┌─ Given material

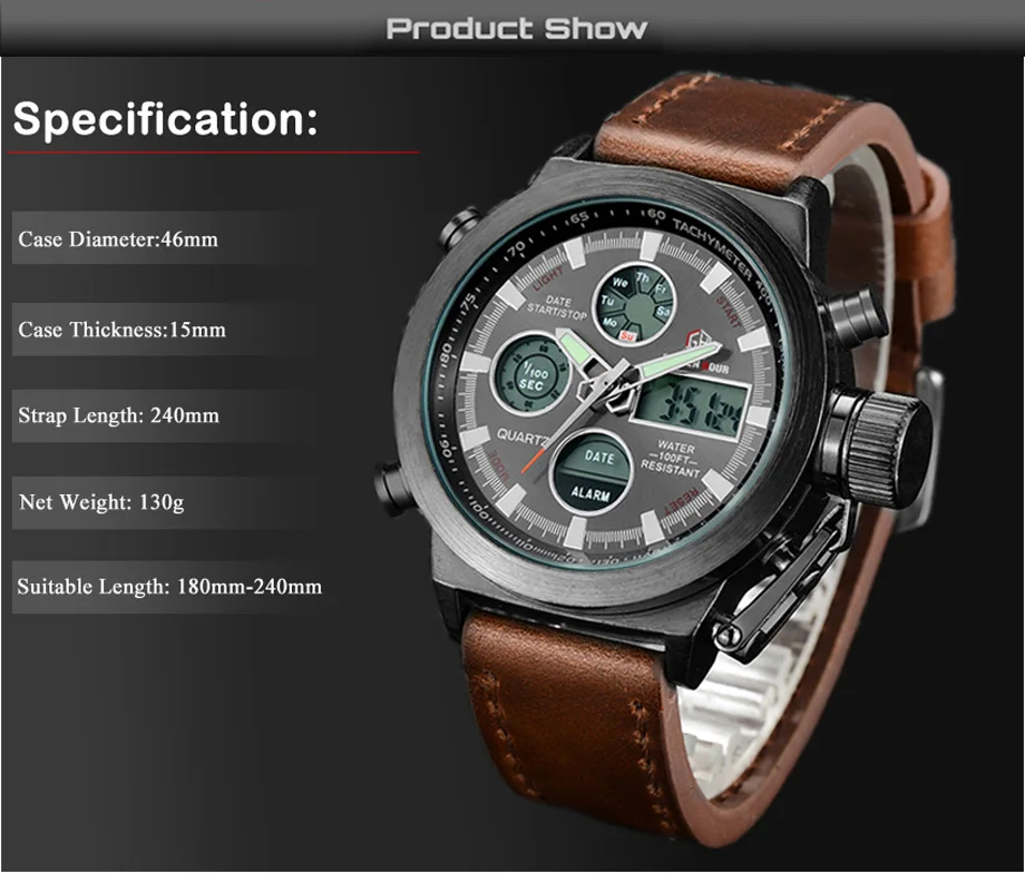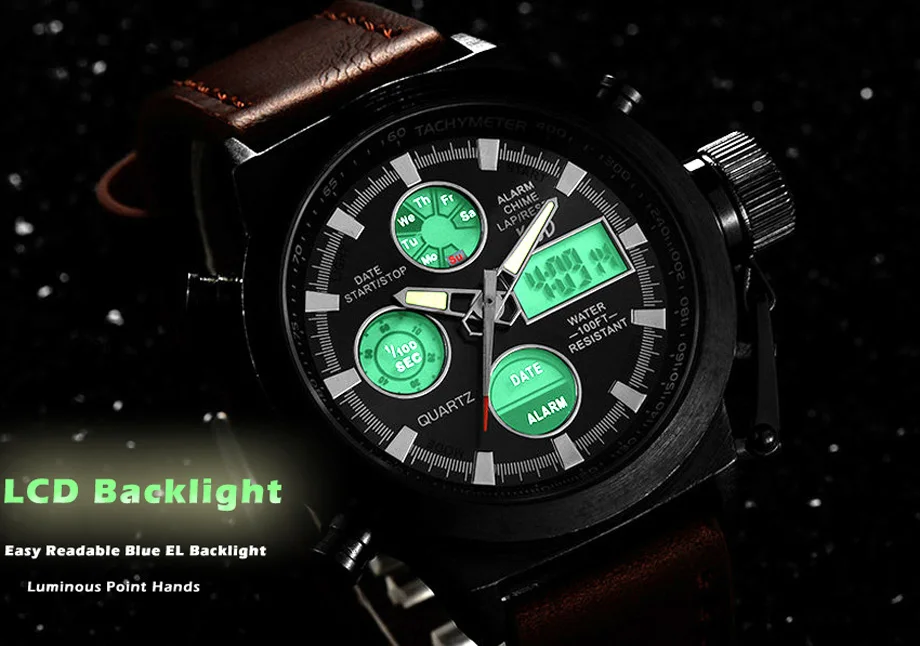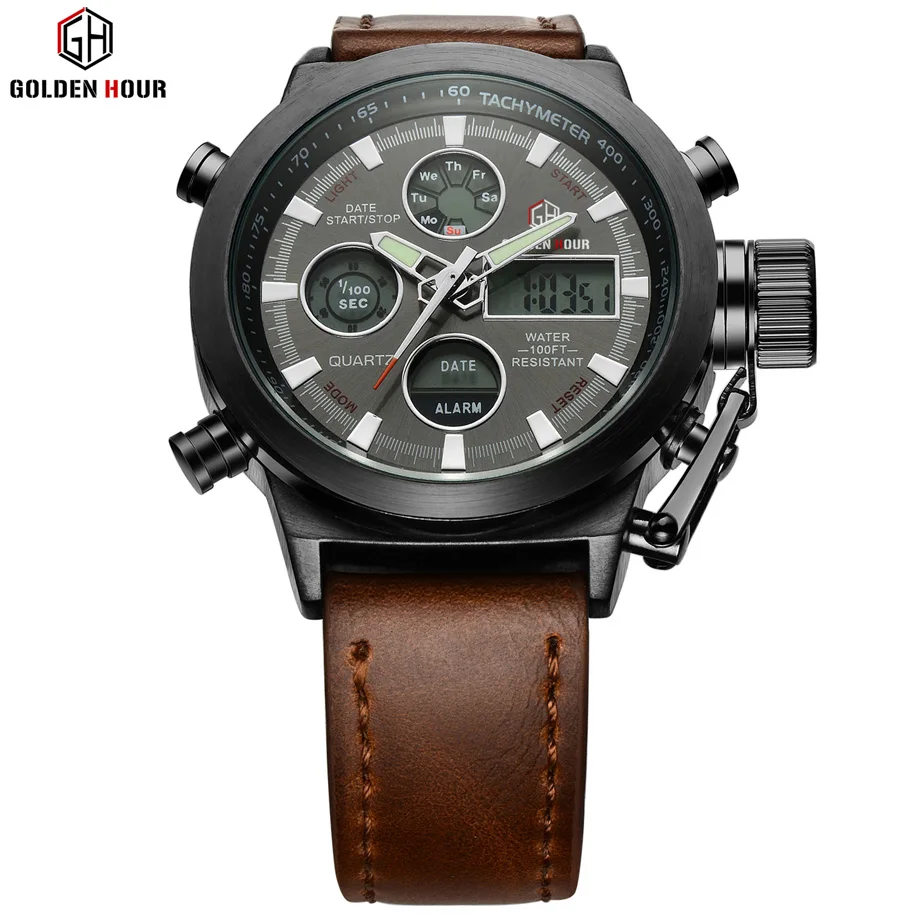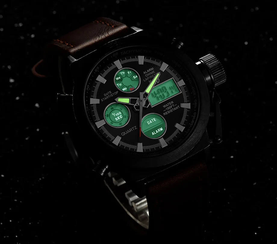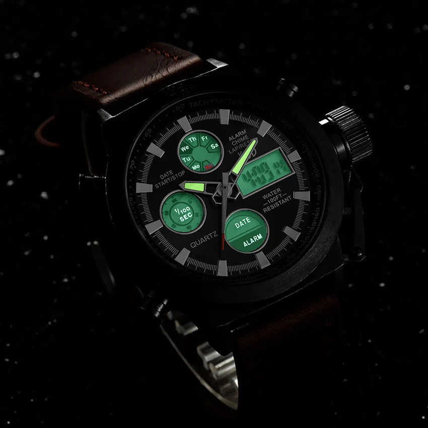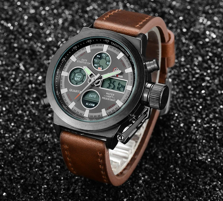 Часы наручные мужские кварцевые аналоговые со светодиодный ным дисплеем
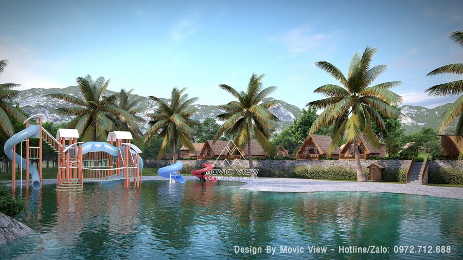 Khu vực thể thao: Hồ bơi, sân tennis, sân golf mini, hoặc khu thể thao nước như kayak, thuyền buồm nếu có địa điểm ven biển.
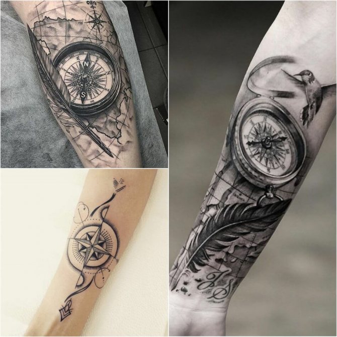 Компас татуировка: значение на ръката, рамото, предмишницата, китката, лакътя, крака
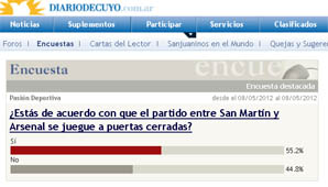 San Juan, 9 de mayo.- Luego de la sanción tomada por el Comité Ejecutivo de la AFA, por los disturbios ocasionados por los hinchas de San Martín en los partidos frente a Vélez Sarsfield y Godoy Cruz de Mendoza, la mayoría de los lectores de DIARIO DE CUYO ON LINE se manifestó de acuerdo con la medida.

└─

Assigned task:
Apart from the images, print all the material above exactly as given.

Exercise solution:
 Часы наручные мужские кварцевые аналоговые со светодиодный ным дисплеем
 Khu vực thể thao: Hồ bơi, sân tennis, sân golf mini, hoặc khu thể thao nước như kayak, thuyền buồm nếu có địa điểm ven biển.
 Компас татуировка: значение на ръката, рамото, предмишницата, китката, лакътя, крака
 San Juan, 9 de mayo.- Luego de la sanción tomada por el Comité Ejecutivo de la AFA, por los disturbios ocasionados por los hinchas de San Martín en los partidos frente a Vélez Sarsfield y Godoy Cruz de Mendoza, la mayoría de los lectores de DIARIO DE CUYO ON LINE se manifestó de acuerdo con la medida.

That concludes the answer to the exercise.